Epicondylite /épicondylalgie n’est pas une pathologie inflammatoire.

Epicondylite

L’épicondylite touche +/- 5% de la population française.

Le traitement d’une épicondylite au cabinet de la tendinite comprend 3 étapes simultanées.

– Un traitement local de la tendinite du coude -épicondylite- consiste à stimuler la cicatrisation tendineuse ce traitement est associé à des pressions digitales de points périostés, sur et autour de la zone d’insertion osseuse.

– L’étape régionale consiste à adapter le tendon à la traction. Il s’agit d’un renforcement musculaire excentrique. Ce travail excentrique doit être effectué en frein. A ce renforcement sont associés des auto-étirements et des étirements dont le but est de renforcer le formatage tendineux et la proprioception.

– La 3ème étape du traitement d’épicondylite -tendinite du coude- est en effet la correction globale du geste et de la position du membre supérieur par rapport au tronc dont le point de verrou se situe au niveau de la ceinture scapulaire.
Les scapulas -omoplates- sont en effet des os par où passent les forces disponibles au niveau des membres supérieurs.

Lors d’un geste en force, notamment en traction, l’efficacité maximum est obtenue en flessum des genoux, triple courbure rachidienne, verrouillage scapulaire et coudes fléchis.

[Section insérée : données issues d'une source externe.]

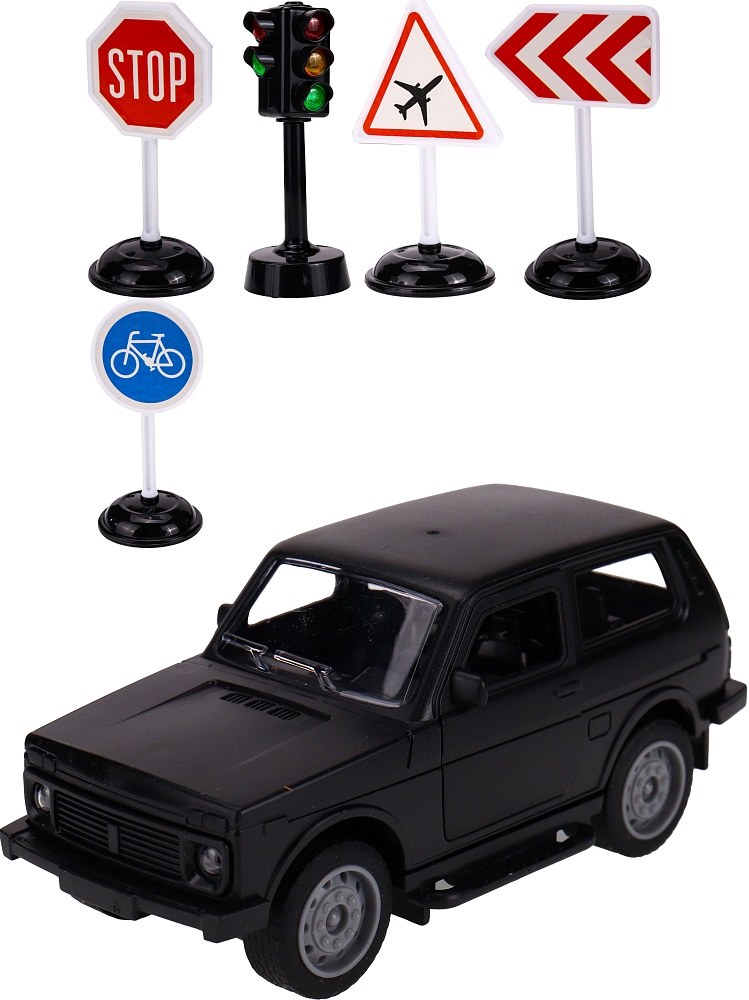 С набором машинок ребёнок сможет устроить настоящие гонки дома, в гостях или детском саду. Небольшой размер моделей машинок идеально подходит для маленькой детской ручки и позволяет использовать их совместно с игрушечными парковками, трассами и автотреками. Игры с машинками развивают мелкую моторику и воображение ребенка, с ними ваш малыш сможет придумать множество веселых и захватывающих игр. Материал: пластик. В наборе: 5 предметов (светофор, дорожные знаки).Светофор свет/звук работает от батареек 3*AG3 (в комплекте). Двери у машинки открываются. Цвет машинки: чёрный. В пакете с хедером.

A l’inverse en position genoux tendus, cyphose rachidienne et coudes tendus, les scapula savonnent entraînant une fatigabilité et une usure tendineuse d’autant plus importante que le geste nécessite une pronation.

Le but va donc être de redonner un mode d’emploi correct de la gestuelle pour un usage en force ou en endurance des membres supérieurs en traction.


L’épicondylite

Il s’agit d’une pathologie de surmenage tendineux, d’hyper-utilisation, qui entraine des micro ruptures des structures collagéniques principalement dans le tendon du court extenseur radial du carpe.
La réponse cellulaire va être soit physiologique avec restitution  ad integrum après remodelage progressif du tendon favorisé par l’activité, soit pathologique avec dégénérescence tendineuse et l’entrée dans le cycle de la tendinose.
En fait, la qualité de la réponse dépend de l’apport en oxygène et en nutriments par la microcirculation locale. Cette réponse diminue avec l’âge.

L’entrée dans le cycle de la tendinose se fait de façon insidieuse et silencieuse. Elle précède l’apparition des symptômes -douleur ou rupture tendineuse-.

On sait depuis des études histologiques effectuées sur des fragments tendineux de patients opérés puis par de nombreux autres auteurs, qu’il existe une hyperplasie angiofibroblastique c’est à dire une prolifération fibroblastique et une prolifération vasculaire.
Il y a également une production d’un collagène anormal avec des fibres fragmentées, non orientées dans le sens de la traction, sans liens inter-fasciculaires avec une augmentation du ratio collagène type III / type I.
Ce qu’il y a d’étonnant c’est qu’il n’existe aucune cellule inflammatoire au sein des tendons opérés.
La douleur n’est donc pas une réaction inflammatoire et les termes « épichondylite » et « épitrochleïte » sont impropres.

L’examen clinique est la clé du diagnostic de l’épicondylite.